Parallel to deepfake enforcement, the government has targeted fraudulent advertising schemes exploiting platform visibility. Licensed platforms are now required to implement advertiser verification systems, cross-referencing submissions against databases maintained by the Companies Commission of Malaysia and other official registries. This requirement aims to prevent criminals from establishing fake business accounts and using platform advertising tools to promote scams targeting Malaysian consumers. The measure acknowledges that platform architecture itself—designed to maximise monetisation through advertising volume—creates inherent vulnerabilities that bad actors can easily exploit unless substantial friction is introduced into the verification process.
Enforcement teeth have been sharpened through penalties embedded in the Online Safety Act framework. Platforms found to have failed their RMC obligations face potential prosecution and financial sanctions reaching RM1 million in base fines, with additional penalties accumulating to RM10 million in aggravated cases. These sums represent meaningful exposure for platform operators, sufficient to capture board-level attention and justify substantial compliance investments. The tiered penalty structure also creates incentive gradation: minor breaches attract proportionate penalties, while systematic failures to implement required safeguards trigger the maximum financial consequences. This calibration attempts to balance the imperative to deter non-compliance against the risk of driving major platforms entirely out of the Malaysian market.
The legislative approach reflects lessons learned globally regarding the inadequacy of purely corporate self-regulation in managing AI-generated content harms. The European Union's Digital Services Act, similar regulatory moves in Singapore and Australia, and proposals under consideration in other democracies all converge on mandating platform accountability through legal requirements rather than relying on industry goodwill. Malaysia's adoption of this model positions the country alongside more developed economies in regulatory maturity, potentially enhancing its standing as a responsible digital marketplace attractive to international advertisers and platforms seeking jurisdictions with clear legal frameworks.

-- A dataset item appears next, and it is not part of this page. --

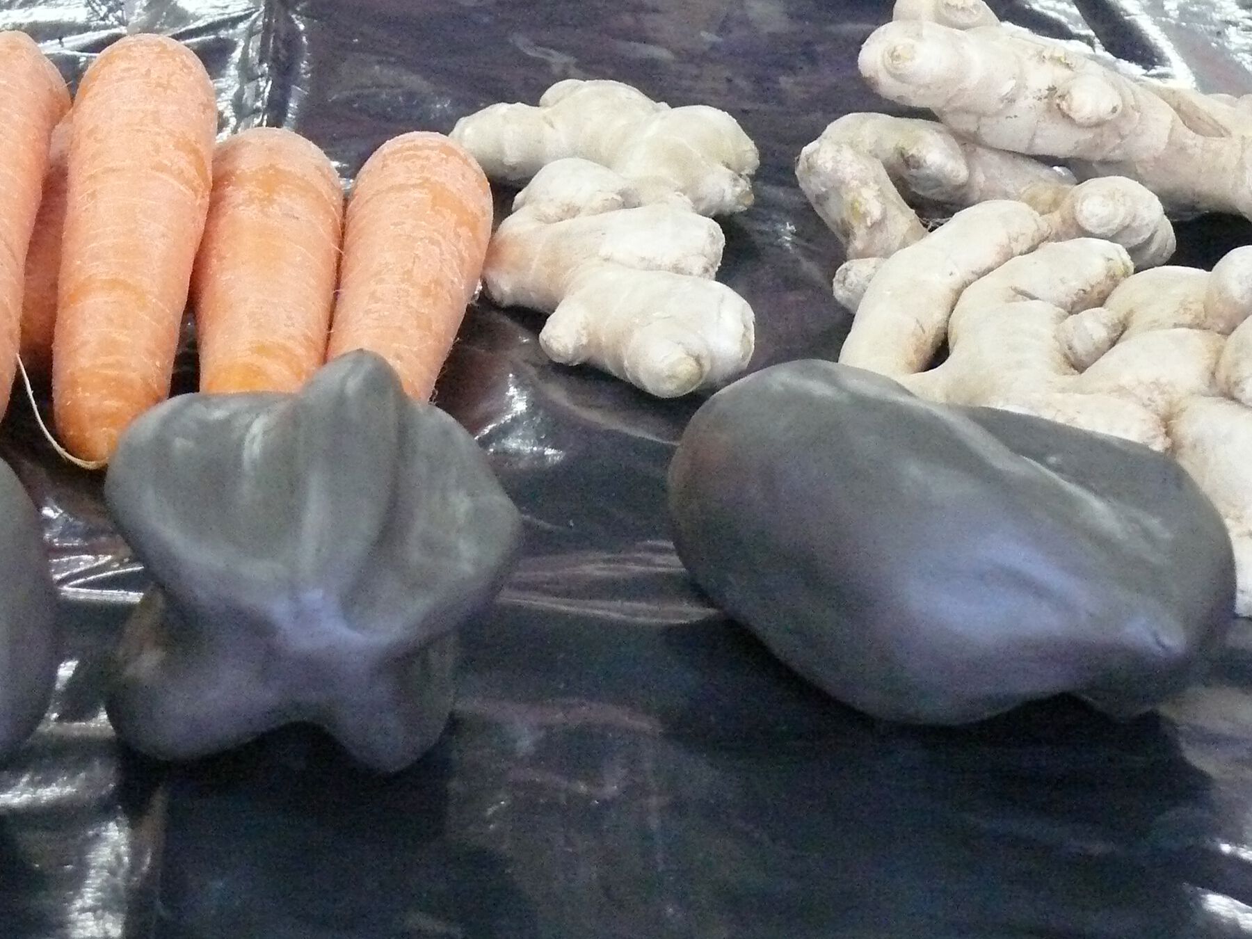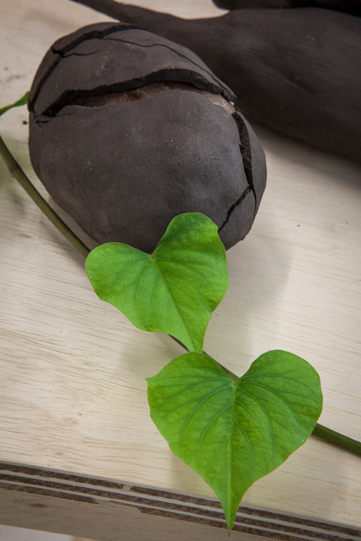The artist notes: “The most interesting thing about this work is that it invites observation. People spend a long time looking, trying to identify what something is, what it is not, if it is sprouting, if it is smelling. The banana, for example, smells not like rot, but like it is roasted, and it dehydrates, like a banana-raisin.” The installation requires replacement of selected materials so that the transformations happen according to the artist’s intention, although across the spectrum of transformations, some are expected and others are not expected, but accepted by the artist. The artist’s experience with the transformation of materials at each exhibition expands her understanding of the reaction of materials in different contexts. The vegetables that dehydrate and stabilize might even be used in another exhibition. And excess clay fragments that break during the germination process are removed to avoid unwanted noise.
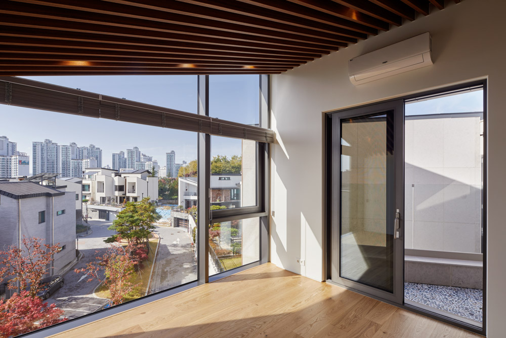 'Suwan House' is for mothers, fathers, and two daughters. The site of the house is located within the townhouse complex. A square mass was placed to fit the fan-shaped land. Various semi-external spaces such as various terraces were placed in the gap. The sunken was planned in the gap. This solves the problem of mining and ventilation underground. Underground is a space vulnerable to moisture, so a large window was planned. When all the doors of the space are opened, one movement line is planned. The large window and unblocked movement provide 'a wind path' for pleasant ventilation of the underground space. Users can directly enter the house from the basement. Three sides of the 'Suwan House' site are buried in the ground. The main gate is placed underground at the level. The spacious porch on the first floor makes it easy to store children's bicycles or a baby carriage. The living room and kitchen were planned side by side. I planned my children's playroom next to the kitchen pantry. This is a playroom for children and a space for storing toys. In the design process, the storage area was separately divided to create a pleasant living room for both parents and children. The second floor is a private area for the family. On the second floor, there are a parent's bedroom and a children's room. The areas of parents and children were completely separated so that there was no inconvenience in sharing private areas even after the two daughters grew up. The third floor is a leisure space for parents. The terrace in a different direction from the second floor was planned. An assistance kitchen was placed next to the terrace. It is a space that assists in enabling various activities on the terrace.

Looking forward, the effectiveness of Malaysia's deepfake enforcement framework will depend on sustained investment in technical capacity, consistent application of penalties, and ongoing evolution of detection methodologies to keep pace with advancing AI capabilities. Generative AI models continue to improve rapidly, and deepfake creation tools are becoming increasingly accessible to non-specialist users. The arms race between deepfake generation and detection technologies may well determine whether Malaysia's current enforcement surge succeeds in deterring misuse or merely impedes the most careless perpetrators while sophisticated actors continue undetected. Coordinating efforts with regional partners through ASEAN and international bodies could amplify enforcement effectiveness while spreading the technical burden across multiple jurisdictions confronting identical threats.